The Raft protocol library performs different processing flows for different identities of nodes. Depending on the identity of the node, the
raft.step method will point to a different processing function.
If a Follower node receives a read request from a client, the Follower node forwards the read request to the Leader for processing.
If the Leader receives a read request, the Leader first saves the request in the ReadOnly queue and sends a heartbeat message to the other nodes. When the Leader receives a heartbeat message from more than half of the nodes, it indicates that the ReadIndex has passed the cluster consensus and will call the
readOnly.advance() method to add the read state to the readStates queue. At the same time, readStates are continuously encapsulated into
Ready structures in the
node.run() method for processing by the application layer.
Application layer processing
raftNode.start method of the previous article will get the
Ready structure wrapped in the Raft module and send only the last readState at a time to the concurrent
linearizableReadLoop via the channel
readStateC, because the This is because the last read-only request encapsulated in Ready already satisfies the ReadIndex requirement, and then all the previous ones do. Next, wait for the application to be applied to the state machine asynchronously before executing the read request.
Summary of this section
By analyzing a complete read operation, it can be seen that etcd needs to satisfy the following two conditions in order to reach a linear consistent read.
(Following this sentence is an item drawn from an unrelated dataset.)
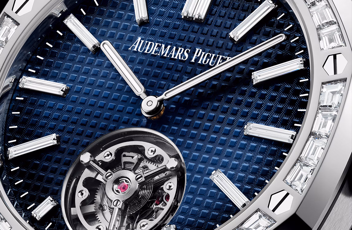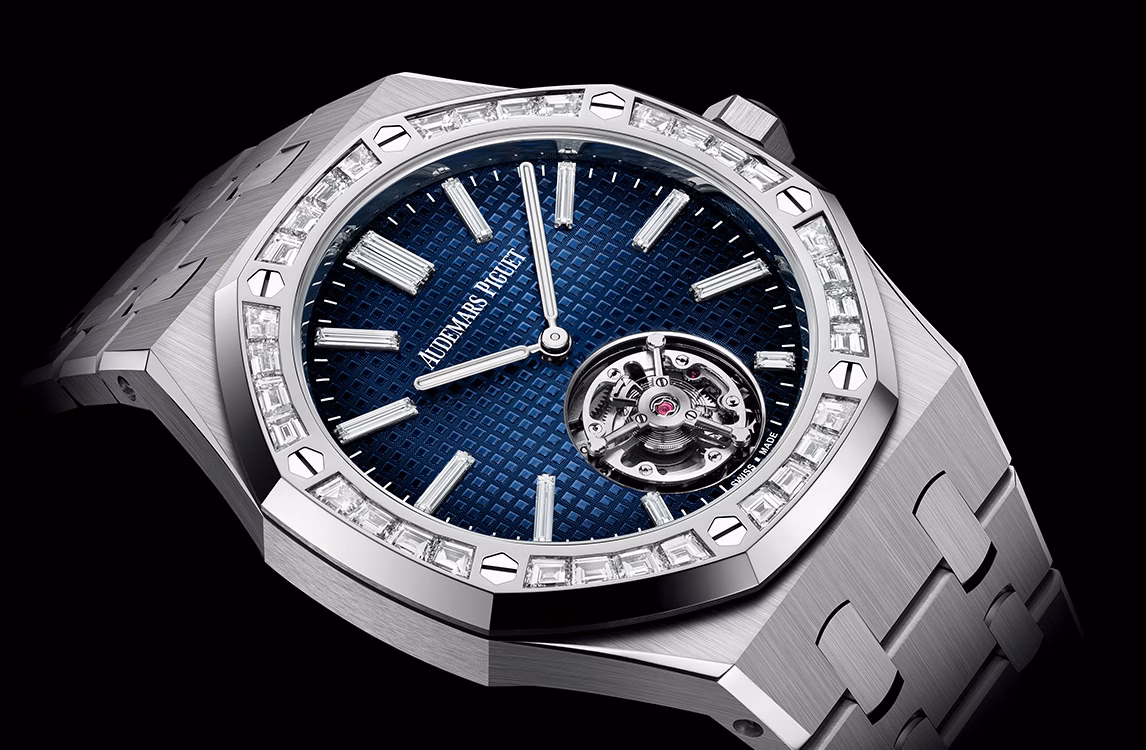 Дымчато-синий циферблат с узором «Petite Tapisserie», часовые метки с бриллиантами багетной огранки, стрелки Royal Oak из белого золота с осажденным люминесцентным покрытием.

- Have the Leader handle read-only requests: If the Follower receives a read request, it needs to forward the request to the Leader for processing.
- Ensure the validity of the Leader: The Leader needs to send a broadcast to the cluster, and if it can receive a response from most nodes, it means that the identity of the Leader node is valid, and this process is to ensure that the data of the Leader node are all up-to-date.
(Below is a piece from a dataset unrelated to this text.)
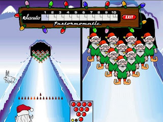 Here is another fun one. The first time I came across this game was a number of years ago. I’ve looked for a flash version of this game, but it only exists as a download. It is a cool little game where the elves go on strike so Santa places them on a bowling lane and bowls them down.

Since the ReadIndex mechanism needs to wait for cluster consensus and state machine application logs, especially the consensus process will bring some network overhead, in order to improve the overall performance of read-only requests, etcd also provides an optimized consistency algorithm called LeaseRead: the Leader will take a smaller lease period than ElectionTimeout. Because no election occurs during the lease period, it ensures that the identity of the Leader does not change, so the consensus step in ReadIndex can be skipped, reducing the latency caused by network overhead.
The correctness of LeaseRead is tied to the time implementation, and it is possible to read expired data due to the error of CPU clocks of different hosts.
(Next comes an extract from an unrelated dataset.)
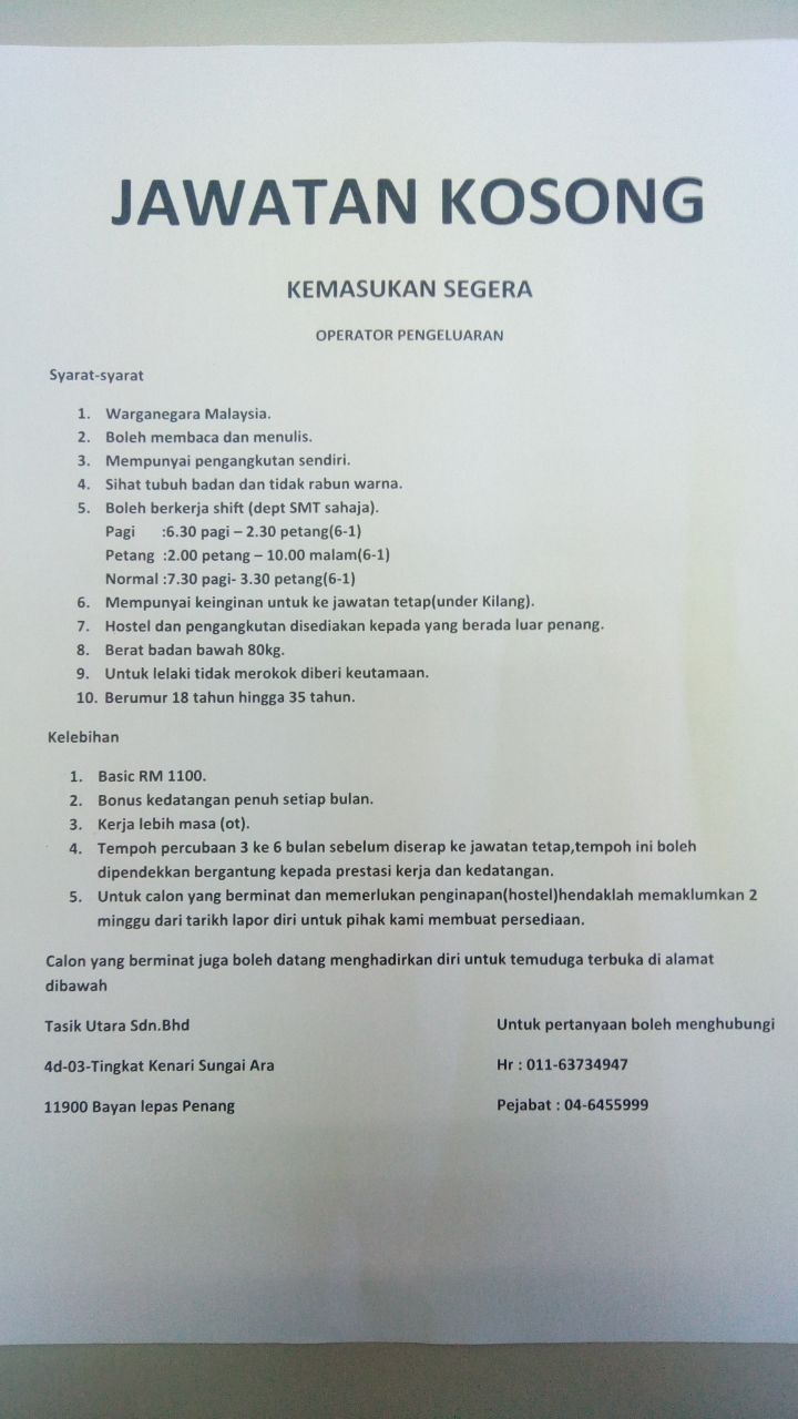 Kerja Kosong Kilang Penang Posts Facebook

Implementing linear consistency for read requests in etcd must go through the Raft consistency protocol, and this approach must come at some performance and latency cost. If there is no particularly strong requirement for data consistency, the consistency mode can be configured to be Serializable on the client side. read-only requests in Serializable mode can be provided by any etcd member, but etcd may read out-of-date data as a result.
The above is the implementation and rationale for the most important parts of etcd. As you can see, etcd’s consensus module handles many of the boundary conditions, adding to the high availability status of the cluster. Although some performance compromises are made in order to achieve strong consistency, etcd also provides additional options that can be freely configured for different demand scenarios. etcd also provides a very good implementation of the Raft algorithm, and analysis of the source code is very helpful for a deeper understanding of Raft.
etcd uses the CSP concurrency model provided by Go in much of its source code. This way of communicating using
channel is not intuitive to write, and the context of the code does not reflect the sender or receiver of the message, so extra care should be taken when reading the source code. However, in general the code of the etcd core module does not change much and is suitable for reading and learning.